## WORK INSTRUCTION
Reproduce everything from the line that contains "Large Victorian Mahogany" down to the line that contains "Boite de 100" in the listing below, word for word and nothing more. Leave the pictures out.

** Opening RECORDS FOR THIS EXERCISE block **

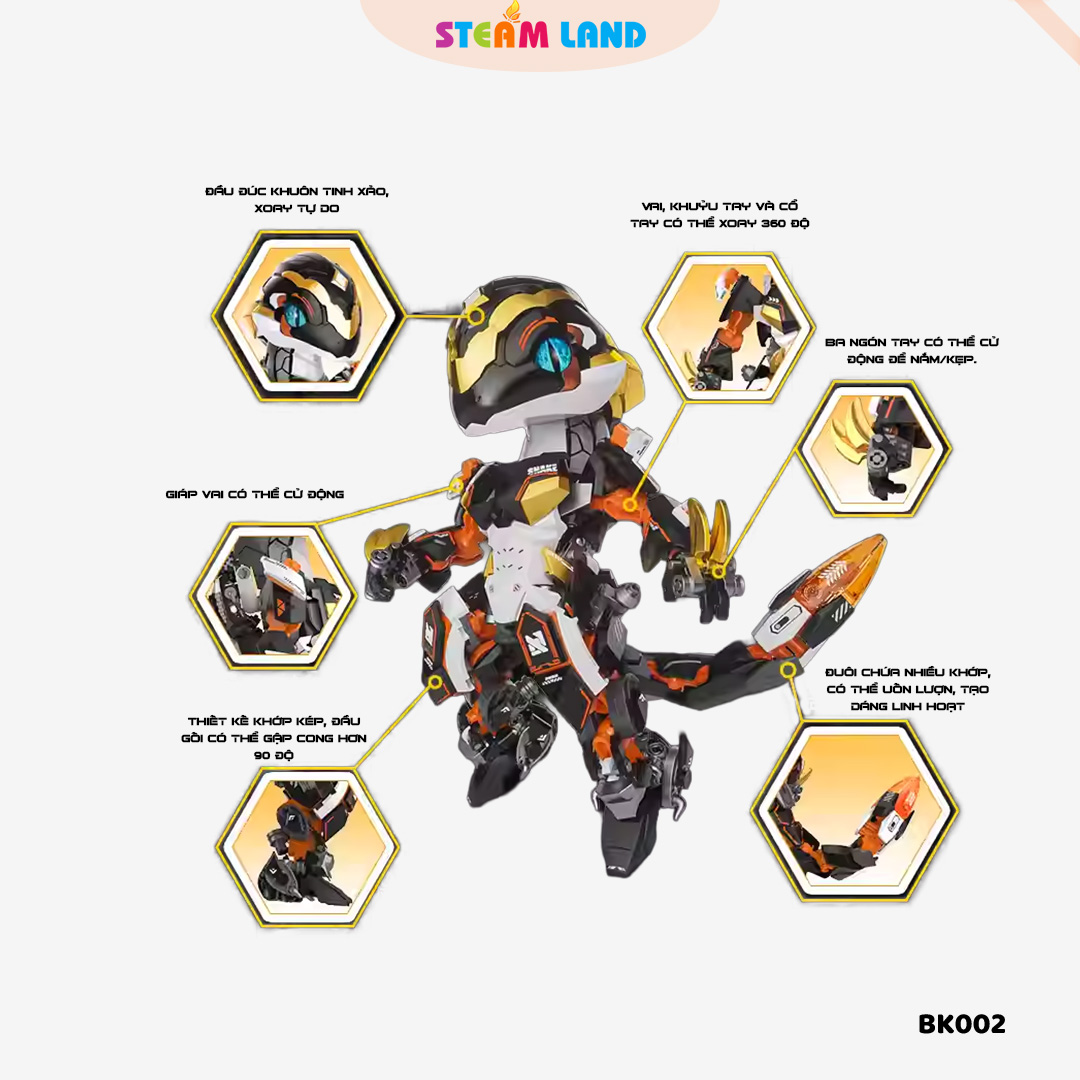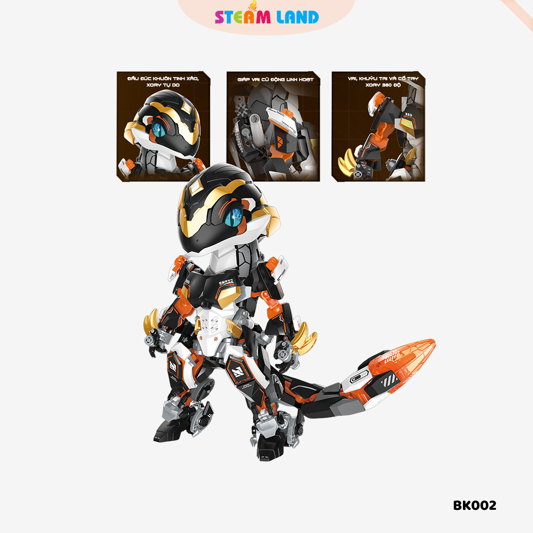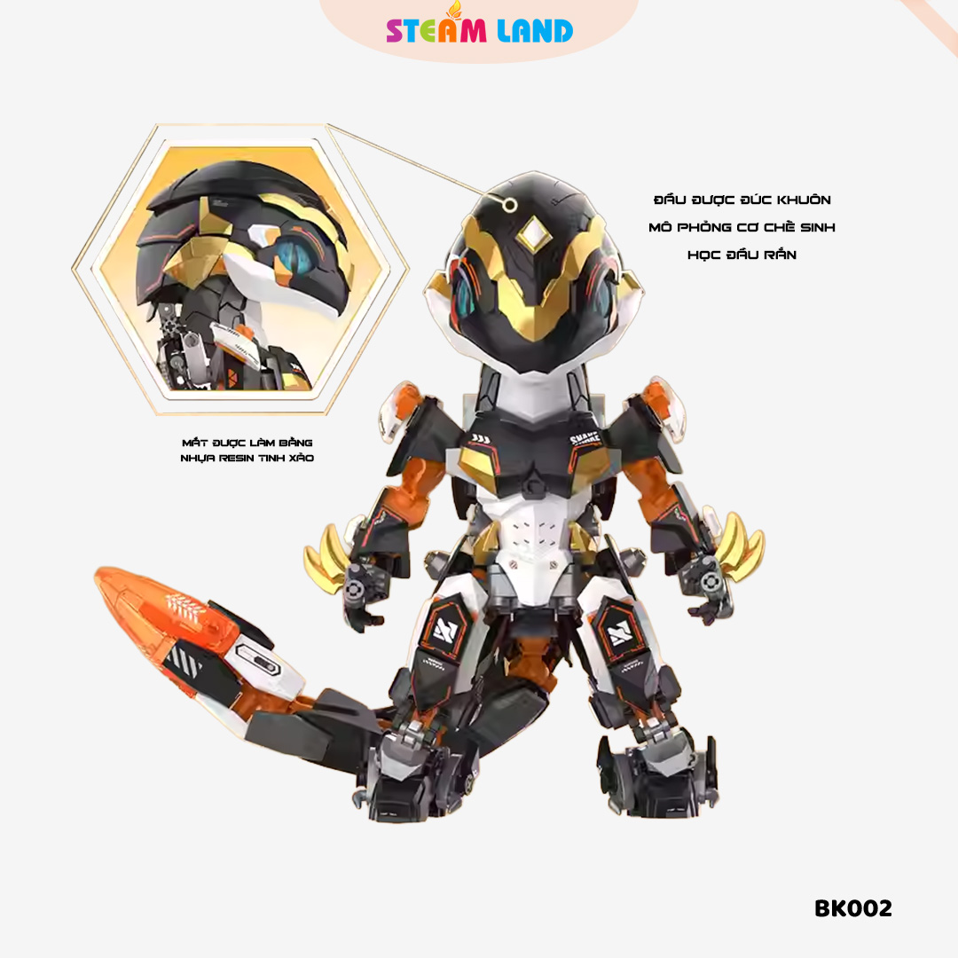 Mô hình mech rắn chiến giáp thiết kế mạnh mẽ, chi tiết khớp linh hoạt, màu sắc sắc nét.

** Closing RECORDS FOR THIS EXERCISE block **
** Opening RECORDS FOR THIS EXERCISE block **

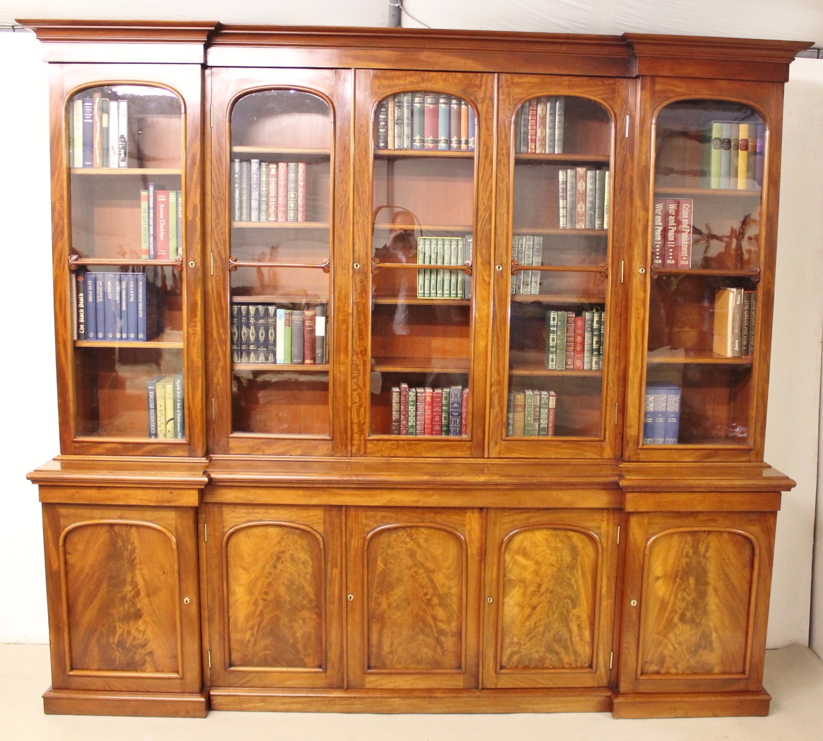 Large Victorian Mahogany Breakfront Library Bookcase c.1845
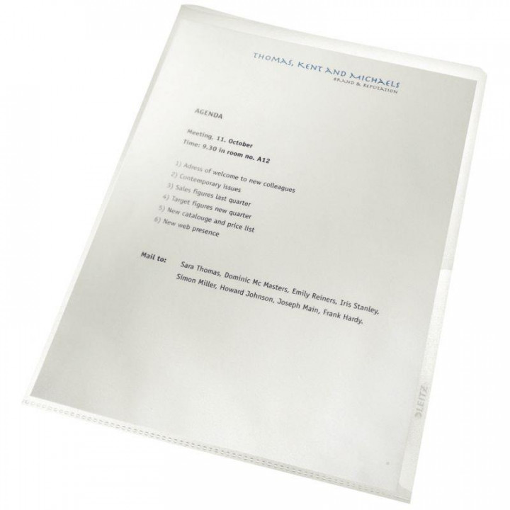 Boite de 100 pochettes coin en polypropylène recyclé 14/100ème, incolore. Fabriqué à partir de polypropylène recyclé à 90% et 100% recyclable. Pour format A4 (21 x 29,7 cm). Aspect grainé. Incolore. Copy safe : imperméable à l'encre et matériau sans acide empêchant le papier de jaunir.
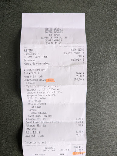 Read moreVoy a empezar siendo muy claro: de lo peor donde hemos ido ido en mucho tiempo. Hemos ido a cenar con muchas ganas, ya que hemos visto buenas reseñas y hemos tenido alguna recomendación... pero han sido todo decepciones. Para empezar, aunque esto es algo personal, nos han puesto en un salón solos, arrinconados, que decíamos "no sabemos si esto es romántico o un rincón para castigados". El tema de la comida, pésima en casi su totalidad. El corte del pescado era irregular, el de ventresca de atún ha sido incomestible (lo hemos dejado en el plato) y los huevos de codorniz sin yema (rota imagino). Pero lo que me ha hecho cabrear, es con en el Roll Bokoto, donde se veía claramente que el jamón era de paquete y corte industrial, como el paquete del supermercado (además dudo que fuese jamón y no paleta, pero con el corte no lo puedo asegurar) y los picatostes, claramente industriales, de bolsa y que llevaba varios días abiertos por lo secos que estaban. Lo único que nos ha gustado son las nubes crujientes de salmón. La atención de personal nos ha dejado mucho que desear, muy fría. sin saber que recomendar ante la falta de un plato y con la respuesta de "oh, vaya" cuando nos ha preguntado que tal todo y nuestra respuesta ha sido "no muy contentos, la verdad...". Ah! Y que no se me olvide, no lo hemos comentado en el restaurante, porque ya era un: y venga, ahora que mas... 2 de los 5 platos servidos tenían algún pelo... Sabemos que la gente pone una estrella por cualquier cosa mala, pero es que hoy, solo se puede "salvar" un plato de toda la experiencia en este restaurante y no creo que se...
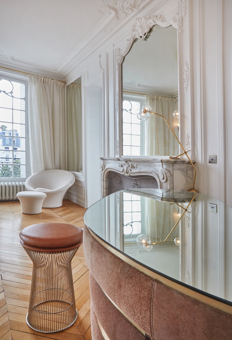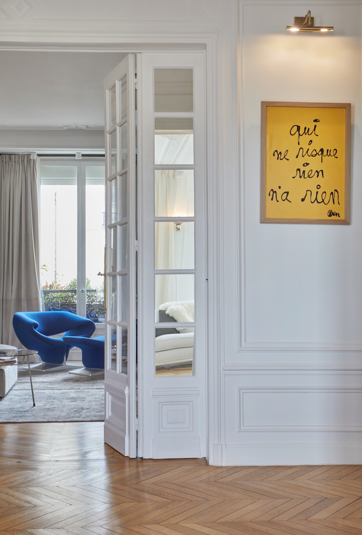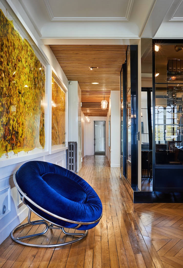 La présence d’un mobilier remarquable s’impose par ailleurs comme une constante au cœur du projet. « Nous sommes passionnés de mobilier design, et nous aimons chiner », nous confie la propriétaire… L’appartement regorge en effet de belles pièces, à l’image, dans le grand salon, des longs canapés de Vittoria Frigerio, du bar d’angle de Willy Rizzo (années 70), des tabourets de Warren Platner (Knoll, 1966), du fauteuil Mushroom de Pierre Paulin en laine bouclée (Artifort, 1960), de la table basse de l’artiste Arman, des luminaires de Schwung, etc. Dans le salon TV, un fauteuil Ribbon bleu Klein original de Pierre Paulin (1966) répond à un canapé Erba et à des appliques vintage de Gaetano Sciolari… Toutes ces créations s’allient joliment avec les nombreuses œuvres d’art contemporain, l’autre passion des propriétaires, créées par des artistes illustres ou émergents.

** Closing RECORDS FOR THIS EXERCISE block **

## SOLUTION FOR THIS EXERCISE
 Large Victorian Mahogany Breakfront Library Bookcase c.1845
 Boite de 100 pochettes coin en polypropylène recyclé 14/100ème, incolore. Fabriqué à partir de polypropylène recyclé à 90% et 100% recyclable. Pour format A4 (21 x 29,7 cm). Aspect grainé. Incolore. Copy safe : imperméable à l'encre et matériau sans acide empêchant le papier de jaunir.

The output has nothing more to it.